BEGIN PROVIDED DATA

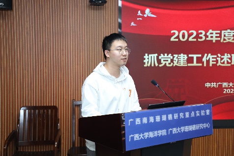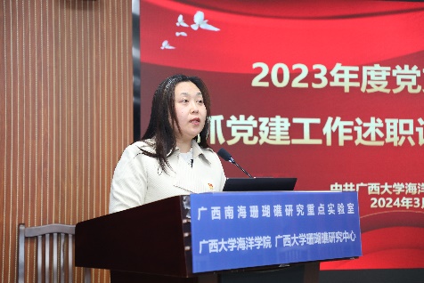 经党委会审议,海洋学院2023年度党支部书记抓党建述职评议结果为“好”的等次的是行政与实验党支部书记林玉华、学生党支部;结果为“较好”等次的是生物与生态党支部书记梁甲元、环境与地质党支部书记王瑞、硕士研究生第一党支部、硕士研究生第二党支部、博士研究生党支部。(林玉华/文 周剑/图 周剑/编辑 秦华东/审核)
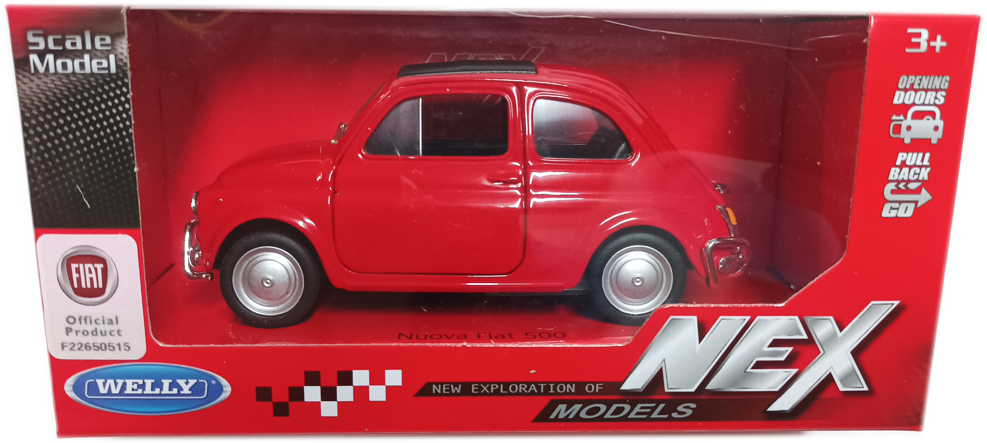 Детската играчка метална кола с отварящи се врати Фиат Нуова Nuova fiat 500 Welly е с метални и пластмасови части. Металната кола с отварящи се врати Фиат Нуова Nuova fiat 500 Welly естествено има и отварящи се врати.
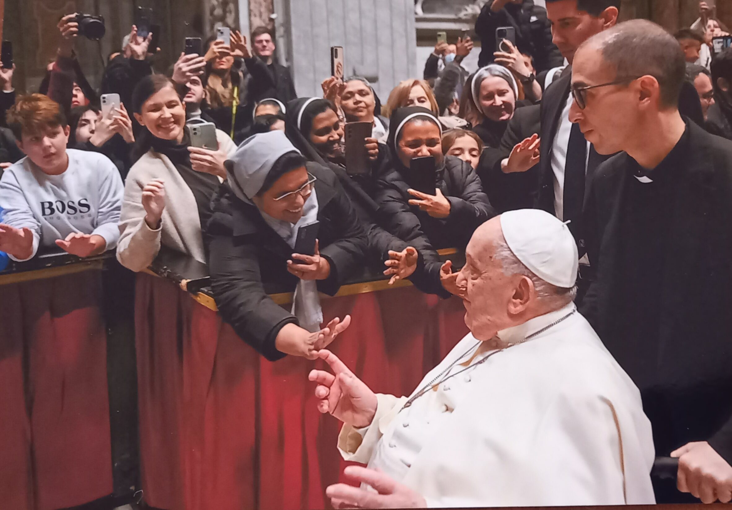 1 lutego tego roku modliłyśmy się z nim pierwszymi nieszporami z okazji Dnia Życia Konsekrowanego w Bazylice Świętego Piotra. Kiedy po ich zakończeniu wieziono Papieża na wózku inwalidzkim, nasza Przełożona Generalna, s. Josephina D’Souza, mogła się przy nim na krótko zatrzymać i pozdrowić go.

END PROVIDED DATA

Set down the data above verbatim, omitting every image.

● **EXERCISE RESULT**:
 经党委会审议,海洋学院2023年度党支部书记抓党建述职评议结果为“好”的等次的是行政与实验党支部书记林玉华、学生党支部;结果为“较好”等次的是生物与生态党支部书记梁甲元、环境与地质党支部书记王瑞、硕士研究生第一党支部、硕士研究生第二党支部、博士研究生党支部。(林玉华/文 周剑/图 周剑/编辑 秦华东/审核)
 Детската играчка метална кола с отварящи се врати Фиат Нуова Nuova fiat 500 Welly е с метални и пластмасови части. Металната кола с отварящи се врати Фиат Нуова Nuova fiat 500 Welly естествено има и отварящи се врати.
 1 lutego tego roku modliłyśmy się z nim pierwszymi nieszporami z okazji Dnia Życia Konsekrowanego w Bazylice Świętego Piotra. Kiedy po ich zakończeniu wieziono Papieża na wózku inwalidzkim, nasza Przełożona Generalna, s. Josephina D’Souza, mogła się przy nim na krótko zatrzymać i pozdrowić go.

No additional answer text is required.